--- START ---

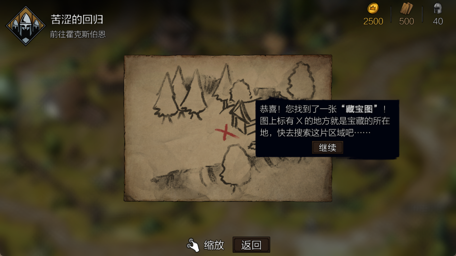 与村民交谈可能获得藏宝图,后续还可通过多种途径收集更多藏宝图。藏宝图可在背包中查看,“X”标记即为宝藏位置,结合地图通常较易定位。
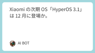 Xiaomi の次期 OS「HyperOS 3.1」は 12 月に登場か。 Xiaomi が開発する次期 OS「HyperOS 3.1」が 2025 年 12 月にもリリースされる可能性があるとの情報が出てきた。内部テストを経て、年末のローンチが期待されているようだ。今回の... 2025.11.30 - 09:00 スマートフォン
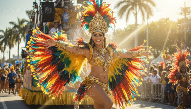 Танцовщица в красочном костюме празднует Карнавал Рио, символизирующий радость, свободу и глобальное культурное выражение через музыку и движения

--- END ---

**REQUIRED ACTION:** Print the listing exactly, minus its pictures.

**RESPONSE TO THE TASK:**
 与村民交谈可能获得藏宝图,后续还可通过多种途径收集更多藏宝图。藏宝图可在背包中查看,“X”标记即为宝藏位置,结合地图通常较易定位。
 Xiaomi の次期 OS「HyperOS 3.1」は 12 月に登場か。 Xiaomi が開発する次期 OS「HyperOS 3.1」が 2025 年 12 月にもリリースされる可能性があるとの情報が出てきた。内部テストを経て、年末のローンチが期待されているようだ。今回の... 2025.11.30 - 09:00 スマートフォン
 Танцовщица в красочном костюме празднует Карнавал Рио, символизирующий радость, свободу и глобальное культурное выражение через музыку и движения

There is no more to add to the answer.